Inflated valuations in stock markets have caused companies on shopping sprees to underperform their index for the first time in 10 years, according to a study to be published today.
The share prices of acquirers worldwide have underperformed the MSCI world equity index by 0.9 percentage points in the last 12 months, according to the study by the Cass Business School and investment and insurance firm Willis Towers Watson.
Dealmakers in the final quarter of the year have particularly struggled to match the index, underperforming by 5.6 percentage points. That was the lowest quarterly reading since the financial crisis in 2008.
Firms which make acquisitions have tended to perform better than the benchmark, suggesting merger and acquisition (M&A) activity is usually beneficial.
The figures show a three-year rolling average outperformance of five percentage points by firms involved in deals above $100m in value.

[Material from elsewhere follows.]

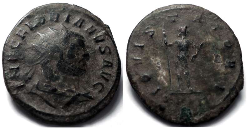 | La Venera 1954 | Florian, AR antoninianus. Siscia mint. IMP C M AN FLORIANVS P AVG, radiate, cuirassed bust right / FELICITAS AVG, Felicitas standing left, holding long caduceus and cornucopiae. Q in right field. La Venera hoard 1954. | Text | ![]() |

The longer-run average outperformance since 2008, which includes the aftermath of the financial crisis, stands at 3.6 percentage points.
However, in the final quarter of 2017 88 out of the 198 large deals worldwide tracked by the research failed to add value to the share price of the company.

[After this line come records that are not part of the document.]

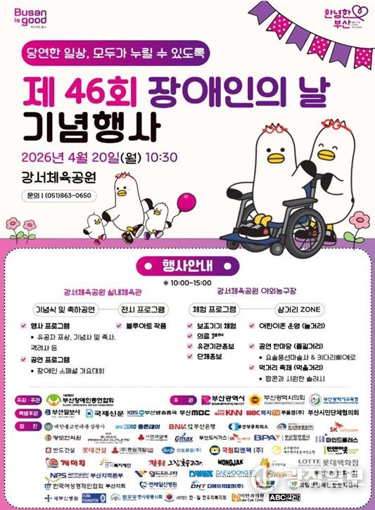 광장일보 주재영 기자 | 부산시는 오늘(20일) 오전 10시 30분, 강서체육공원 실내체육관에서 장애인에 대한 이해를 높이고 장애인과 비장애인이 함께 공감하는 장을 마련하기 위해 '제46회 장애인의 날 기념행사'를 개최한다고 밝혔다.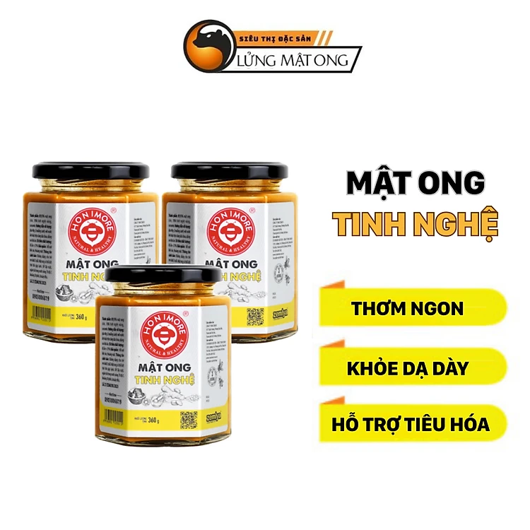 Combo 3 hũ Mật ong rừng tinh nghệ Honimore 360g - giúp hỗ trợ cải thiện dạ dày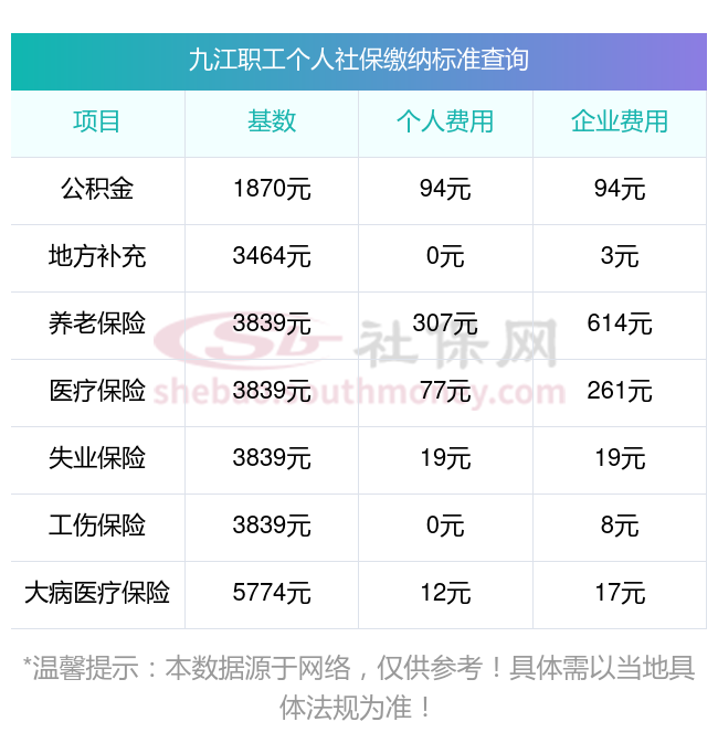 2025年九江社保缴费多少钱?下表是2023-2024年九江社保费用明细参考,新社通app-社保缴费查询工具提供的最新数据如下:

Jana Mercereau, head of UK corporate M&A at Willis Towers Watson, said: “Global conditions for M&A in 2017 have been tough, and delivering a successful deal and realising value is increasingly difficult.

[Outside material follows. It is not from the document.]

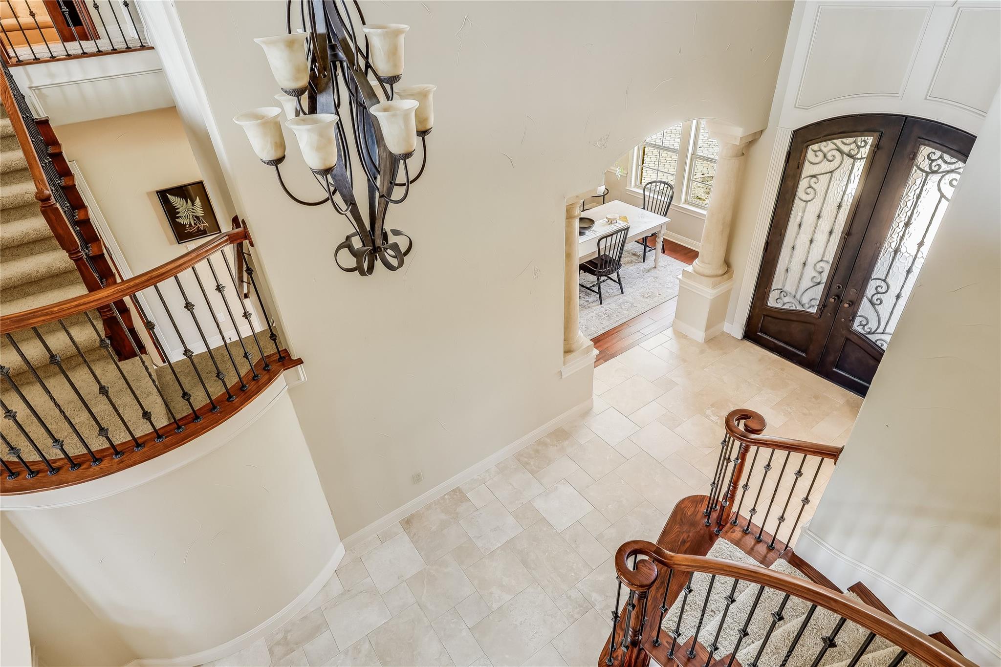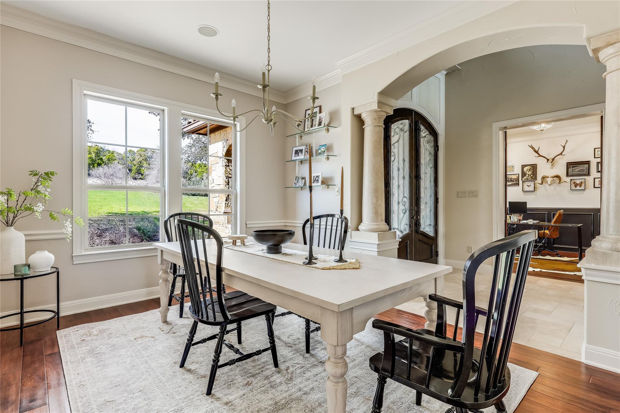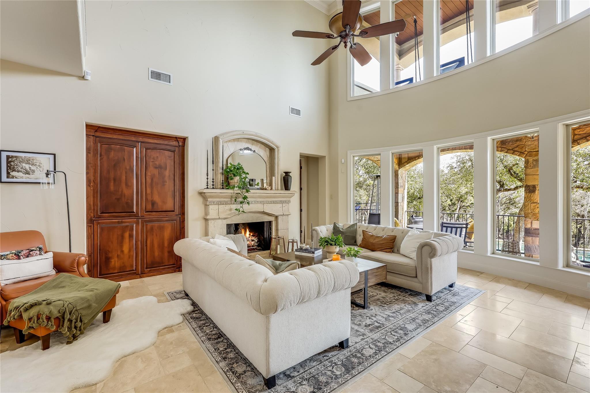 Step into the grand foyer adorned with luxurious travertine tile flooring, where dual spiral staircases and magnificent marble columns create a breathtaking first impression. Discover a refined home office, complete with custom bookcases, upscale moldings, and a secret door to a private closet.

“Inflated price-to-earnings ratios have made deals more expensive, with companies often paying large premiums in a bidding war or as a defensive tactic, and making it increasingly difficult to realise a strong return.”
The tech sector suffered a particularly ignominious fate during the quarter, underperforming the broader market by a massive 23.9 percentage points.
Dealmakers in Asia-Pacific were the worst regional performers, losing out by 29.2 percentage points, an all-time low for the region.